INSTRUCTIONS TO FOLLOW | The reply should contain all the data below, repeated exactly, and none of the images.

DATA PROVIDED |
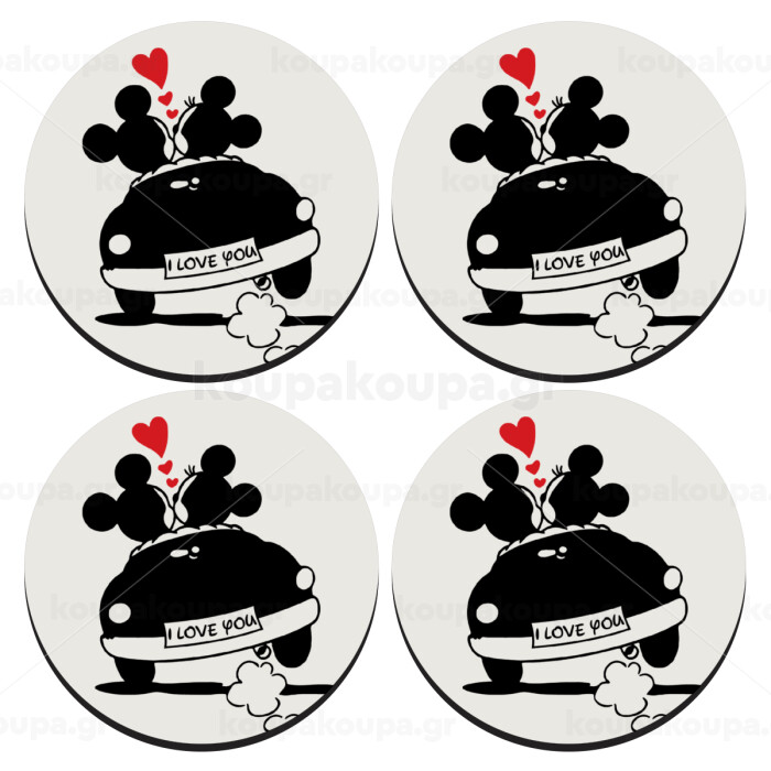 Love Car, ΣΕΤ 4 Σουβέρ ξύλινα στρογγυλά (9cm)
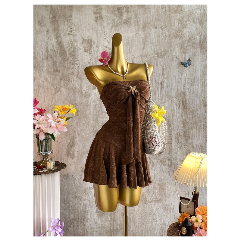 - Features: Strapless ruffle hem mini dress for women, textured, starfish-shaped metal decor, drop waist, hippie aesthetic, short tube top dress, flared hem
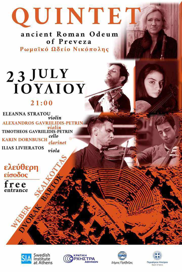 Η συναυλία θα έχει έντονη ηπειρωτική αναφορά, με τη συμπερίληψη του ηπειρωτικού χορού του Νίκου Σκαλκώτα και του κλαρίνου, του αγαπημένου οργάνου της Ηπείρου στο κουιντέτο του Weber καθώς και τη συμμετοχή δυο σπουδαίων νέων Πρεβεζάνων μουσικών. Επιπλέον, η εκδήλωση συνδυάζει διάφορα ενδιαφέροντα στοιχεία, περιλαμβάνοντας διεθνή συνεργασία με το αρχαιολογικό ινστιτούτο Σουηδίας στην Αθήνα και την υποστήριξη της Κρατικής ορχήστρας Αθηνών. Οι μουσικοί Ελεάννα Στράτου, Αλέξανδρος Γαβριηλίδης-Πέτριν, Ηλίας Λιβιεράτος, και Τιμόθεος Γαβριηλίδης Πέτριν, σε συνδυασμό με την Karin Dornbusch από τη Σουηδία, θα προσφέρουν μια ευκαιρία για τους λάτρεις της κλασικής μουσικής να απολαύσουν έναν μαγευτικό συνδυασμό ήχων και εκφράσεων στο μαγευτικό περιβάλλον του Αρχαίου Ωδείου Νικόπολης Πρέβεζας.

OUTPUT OF THE EXERCISE |
 Love Car, ΣΕΤ 4 Σουβέρ ξύλινα στρογγυλά (9cm)
 - Features: Strapless ruffle hem mini dress for women, textured, starfish-shaped metal decor, drop waist, hippie aesthetic, short tube top dress, flared hem
 Η συναυλία θα έχει έντονη ηπειρωτική αναφορά, με τη συμπερίληψη του ηπειρωτικού χορού του Νίκου Σκαλκώτα και του κλαρίνου, του αγαπημένου οργάνου της Ηπείρου στο κουιντέτο του Weber καθώς και τη συμμετοχή δυο σπουδαίων νέων Πρεβεζάνων μουσικών. Επιπλέον, η εκδήλωση συνδυάζει διάφορα ενδιαφέροντα στοιχεία, περιλαμβάνοντας διεθνή συνεργασία με το αρχαιολογικό ινστιτούτο Σουηδίας στην Αθήνα και την υποστήριξη της Κρατικής ορχήστρας Αθηνών. Οι μουσικοί Ελεάννα Στράτου, Αλέξανδρος Γαβριηλίδης-Πέτριν, Ηλίας Λιβιεράτος, και Τιμόθεος Γαβριηλίδης Πέτριν, σε συνδυασμό με την Karin Dornbusch από τη Σουηδία, θα προσφέρουν μια ευκαιρία για τους λάτρεις της κλασικής μουσικής να απολαύσουν έναν μαγευτικό συνδυασμό ήχων και εκφράσεων στο μαγευτικό περιβάλλον του Αρχαίου Ωδείου Νικόπολης Πρέβεζας.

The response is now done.